Don't go firing off that Javonte Williams ADP rocket just yet. It's possible Gordon's injury re-occurs and lingers to the point where it makes sense to adjust Williams' value, but at this point, we have every reason to believe Gordon is going to be just fine for the start of the season. And, while it's possible Gordon's role is decreased in favor of Williams, reports out of training camp don't exactly suggest that has been the case so far. Williams has significant upside in what should be a very good offense, but he's more like a high-end RB2 as long as Gordon is healthy. Gordon is more like a flex option, though ideally, you'd have him on your bench just in case something happens with Williams that causes Gordon to step into a significant role – he has similar upside to Williams as a lead back. 

  • Chris Godwin continues to see more activity in practice – Godwin was spotted working in 7-on-7 situations Monday and Tuesday after being limited to individual drills prior to that. He's still a ways away from being cleared for contact and everything that entails as he continues to work his way back from a torn ACL, which means he's still in question for Week 1, but any forward momentum is a good sign. He remains worth targeting around the fifth or sixth round, but you'll probably have to be patient early on as he works his way back to full speed. 
  • Miles Sanders is dealing with a hamstring injury – It's not clear when Sanders suffered the injury, as he played in the team's preseason opener Friday, but this isn't a great sign given Sanders' injury history. Hamstring injuries can be tricky, especially at this time of year, so don't be surprised if he sits out this weekend's preseason game against the Browns, but hopefully, it won't impact his availability for Week 1. Sanders still looks like the Eagles RB1, but his grip on the job may not be a firm one, so hopefully, this isn't a serious issue. 

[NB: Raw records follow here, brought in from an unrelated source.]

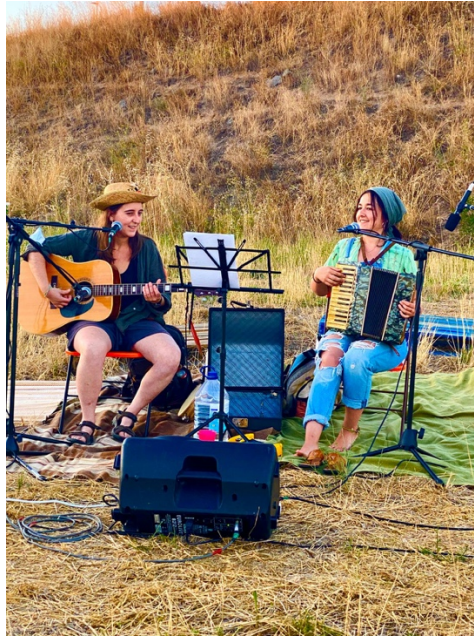
Ilustración 6: Actuación de Ley Mostaza en la Huerta del barrio vallisoletano Belén, viernes 17 de julio de 2020.

erigen como cantantes principales. No obstante, ambas componentes están de acuerdo en que su actual distribución en un futuro puede llegar a presentar cambios al no tratarse de algo inmóvil para ellas, de la misma manera que sus preferencias tampoco lo son. Tal es así que, para la creación de una de sus últimas canciones, “I.D.A”, y como puede verse en la siguiente imagen, han incorporado como novedad el acordeón: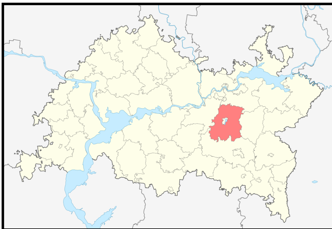
Рисунок 1 – Расположение Заинского муниципального района на территории Республики Татарстан

В Заинском районе – 1 городское и 22 сельских поселений, которые включают в себя 86 населенных пунктов – их перечень приведен в Таблице 1.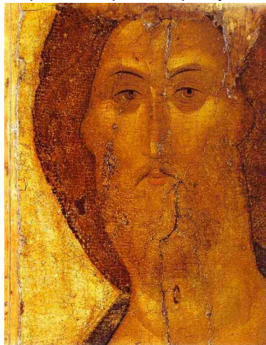
Pius XI, encyklika Quas primas, o ustanowieniu święta Chrystusa Króla, 1925, fragmenty il. NASZ ZBAWCA, RUBLOW, Andriej (ok. 1360 - 1430, Moskwa), ok. 1420, fragment, tempera na desce, Galeria Tretiakowska, Moskwa

Chrystus jest ponadto Synem Bożym, naturą równy Bogu, drugą Osobą Trójcy Przenajświętszej. Jako taki jest Panem nieba i ziemi, Panem najwyższym i absolutnym, wobec którego wszelkie królestwa ziemskie są nieporównywalne. Aby to powszechne władztwo Jezusa podkreślić, liturgia dodała do tytułu "Król" dopełniacz "Wszechświata".

  • Kenny Pickett was upgraded to the second team in practice – And he even took some first-team reps during Tuesday's practice. Mitchell Trubisky has taken nearly all of the first-team reps going back to offseason programs, so this could be a sign that Pickett is pushing. Pickett was impressive in the preseason opener, as The Athletic's Ted Nguyen noted in his film breakdown column Tuesday. This has looked like a competition in name only for most of camp, but this may be a sign that Pickett is starting to push for an opportunity. Ideally, one of these quarterbacks will actively win the job, rather than just taking it by default, because the Steelers weapons remain quite impressive. 
  • Rachaad White is returning kickoffs for the Buccaneers – This doesn't directly matter for Fantasy unless you play in leagues that reward return yards. However, it's actually a pretty good sign for White's chances of being active on game days – which obviously increases his chances of having a role from Week 1. He's a little down on the depth chart right now, but it wouldn't be a surprise at all if White pushed Giovani Bernard to be the backup, and White's pass-catching skills could make him a very valuable Fantasy option if he's playing regularly. He's worth a late-round flier in Fantasy. 
  • Kenyan Drake's spot on the Raiders may be in doubt – The fact that Ameer Abdullah was inactive along with Josh Jacobs in the second preseason indicates his job as the primary pass-catching back may be safe. That left Drake competing with rookie Zamir White to be the No. 3 back and Jacobs' direct backup. White remains one of my favorite deep sleepers. 
  • Zack Moss "has only strengthened his case to be a game-day active" – This could all just be camp talk, but the buzz around Moss has been consistent from Day One, and he's been getting first-team reps. If Moss plays even a small role on game days, that would make it very hard for either Devin Singletary or James Cook to be Fantasy viable, because this hasn't been a particularly good offense for RB production – in fact, over the three years Josh Allen has been the starter, it has been the worst in the NFL. A three-way split would render all three unusable.